Criteria: The admission of any new partner shall require the unanimous written consent of all existing partners.

Process: Any potential new partner shall be required to execute a counterpart to this Agreement and make a capital contribution acceptable to the existing partners.

Regulatory Review: If the Joint Venture operates in a licensed Nevada industry (e.g., gaming, cannabis), the admission of any new partner shall be subject to regulatory review and approval by the relevant Nevada agency.

7. Transfer of Interests

Restrictions on Assignments: No party shall assign, transfer, or otherwise dispose of its interest in the Joint Venture without the prior written consent of the other party.

Right of First Refusal: If a party desires to transfer its interest in the Joint Venture, it shall first offer such interest to the other party at a price and on terms no less favorable than those offered to any third party.

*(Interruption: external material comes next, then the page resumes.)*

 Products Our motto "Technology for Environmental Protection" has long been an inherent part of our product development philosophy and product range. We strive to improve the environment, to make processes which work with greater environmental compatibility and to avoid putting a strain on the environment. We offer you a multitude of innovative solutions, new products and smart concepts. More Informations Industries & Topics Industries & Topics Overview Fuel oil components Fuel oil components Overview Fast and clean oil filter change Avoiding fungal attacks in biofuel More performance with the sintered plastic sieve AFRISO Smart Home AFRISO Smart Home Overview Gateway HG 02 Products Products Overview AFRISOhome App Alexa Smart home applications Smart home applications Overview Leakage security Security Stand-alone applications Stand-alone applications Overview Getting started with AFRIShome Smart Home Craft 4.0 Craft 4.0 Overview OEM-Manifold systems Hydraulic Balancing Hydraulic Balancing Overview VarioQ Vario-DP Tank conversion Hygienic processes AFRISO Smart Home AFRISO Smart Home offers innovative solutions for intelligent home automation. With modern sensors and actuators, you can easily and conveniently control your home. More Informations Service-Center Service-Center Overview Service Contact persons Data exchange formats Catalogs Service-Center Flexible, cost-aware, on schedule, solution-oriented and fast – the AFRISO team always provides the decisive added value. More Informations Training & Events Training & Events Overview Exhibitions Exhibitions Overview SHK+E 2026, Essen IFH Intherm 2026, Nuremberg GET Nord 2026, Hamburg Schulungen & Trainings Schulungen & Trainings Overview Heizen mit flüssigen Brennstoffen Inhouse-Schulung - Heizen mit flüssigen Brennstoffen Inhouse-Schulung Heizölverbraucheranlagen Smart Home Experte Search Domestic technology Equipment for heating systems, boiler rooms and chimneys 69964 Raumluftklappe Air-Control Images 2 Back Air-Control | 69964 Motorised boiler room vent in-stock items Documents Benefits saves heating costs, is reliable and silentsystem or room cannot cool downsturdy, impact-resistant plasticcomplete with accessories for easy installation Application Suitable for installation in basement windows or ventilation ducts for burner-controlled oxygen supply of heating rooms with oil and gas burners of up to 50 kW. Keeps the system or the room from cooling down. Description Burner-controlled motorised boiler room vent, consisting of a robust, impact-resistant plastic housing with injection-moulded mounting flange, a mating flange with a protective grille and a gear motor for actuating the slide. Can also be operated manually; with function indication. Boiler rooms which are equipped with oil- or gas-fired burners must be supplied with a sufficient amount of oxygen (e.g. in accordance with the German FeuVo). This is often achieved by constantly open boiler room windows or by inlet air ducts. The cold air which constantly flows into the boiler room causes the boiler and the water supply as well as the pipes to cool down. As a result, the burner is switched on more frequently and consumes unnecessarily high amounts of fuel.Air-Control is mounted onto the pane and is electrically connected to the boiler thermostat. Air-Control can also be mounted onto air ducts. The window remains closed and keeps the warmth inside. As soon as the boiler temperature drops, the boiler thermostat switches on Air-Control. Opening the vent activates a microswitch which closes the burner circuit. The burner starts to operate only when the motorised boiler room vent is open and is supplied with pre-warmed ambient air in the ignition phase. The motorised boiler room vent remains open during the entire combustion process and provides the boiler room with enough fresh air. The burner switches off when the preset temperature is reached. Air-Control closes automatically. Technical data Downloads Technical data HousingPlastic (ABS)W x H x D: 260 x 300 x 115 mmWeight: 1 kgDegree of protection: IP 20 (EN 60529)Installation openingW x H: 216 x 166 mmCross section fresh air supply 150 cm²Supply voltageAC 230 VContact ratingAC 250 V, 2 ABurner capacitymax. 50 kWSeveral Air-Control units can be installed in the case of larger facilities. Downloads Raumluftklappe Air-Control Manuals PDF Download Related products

Bankruptcy: In the event of a party's bankruptcy, the other party shall have the right to purchase the bankrupt party's interest in the Joint Venture at a fair market value determined by [Valuation Method, e.g., independent appraisal].

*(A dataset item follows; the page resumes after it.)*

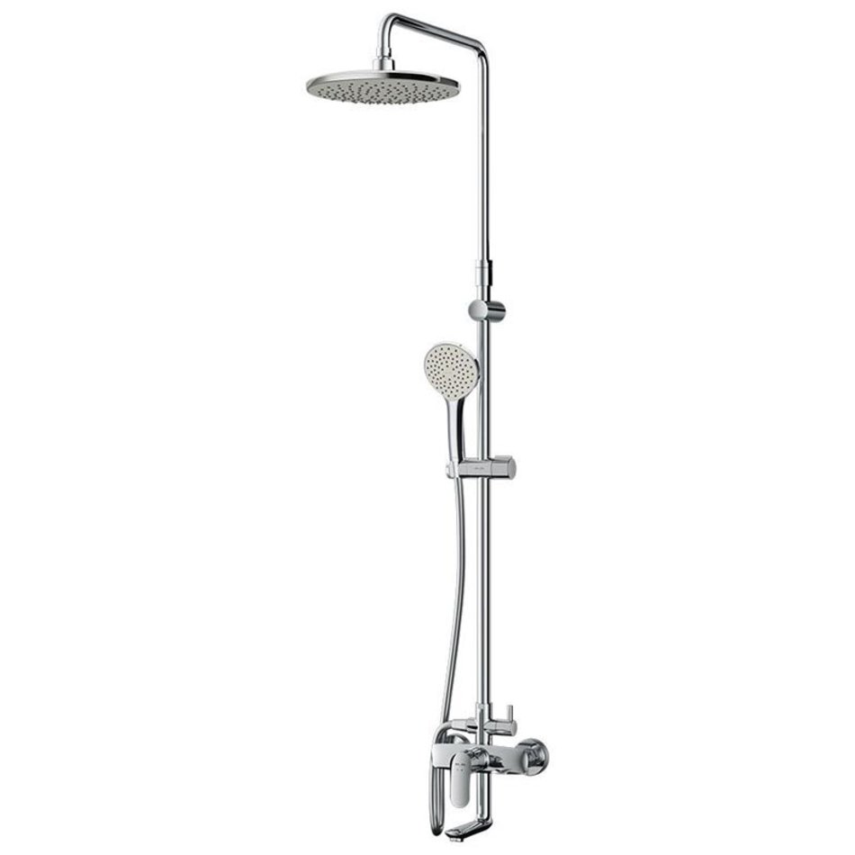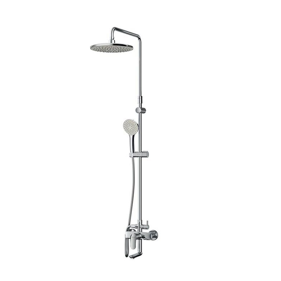 Состав поставки: Смеситель, душевая штанга, верхний установочный крепеж, держатель для ручного душа, верхний душ, ручной душ, душевой шланг, комплект крепежа, эксцентрики, декоративные чаши, инструкция

8. Liability and Indemnification

Partner Liability: The liability of each party for the debts and obligations of the Joint Venture shall be governed by Nevada law, including NRS Chapter 87.

Indemnification: Each party shall indemnify and hold harmless the other party from and against any and all claims, losses, damages, liabilities, and expenses arising out of or relating to its acts or omissions in connection with the Joint Venture, except to the extent caused by the negligence or willful misconduct of the other party.

Insurance: The Joint Venture shall maintain insurance coverage, including worker’s compensation and general liability insurance, in amounts and with coverages reasonably acceptable to both parties.

9. Dispute Resolution

Mediation: Any dispute arising out of or relating to this Agreement shall be submitted to mediation in Nevada before resorting to arbitration or litigation.

Arbitration: If mediation is unsuccessful, any unresolved dispute shall be settled by binding arbitration in Nevada in accordance with the rules of the American Arbitration Association.

Venue: The venue for any mediation or arbitration shall be [Clark County or Washoe County], Nevada.

10. Confidentiality and Non-Compete

Confidentiality: Each party agrees to hold confidential all information relating to the Joint Venture and the other party's business, except as required by law or with the prior written consent of the other party.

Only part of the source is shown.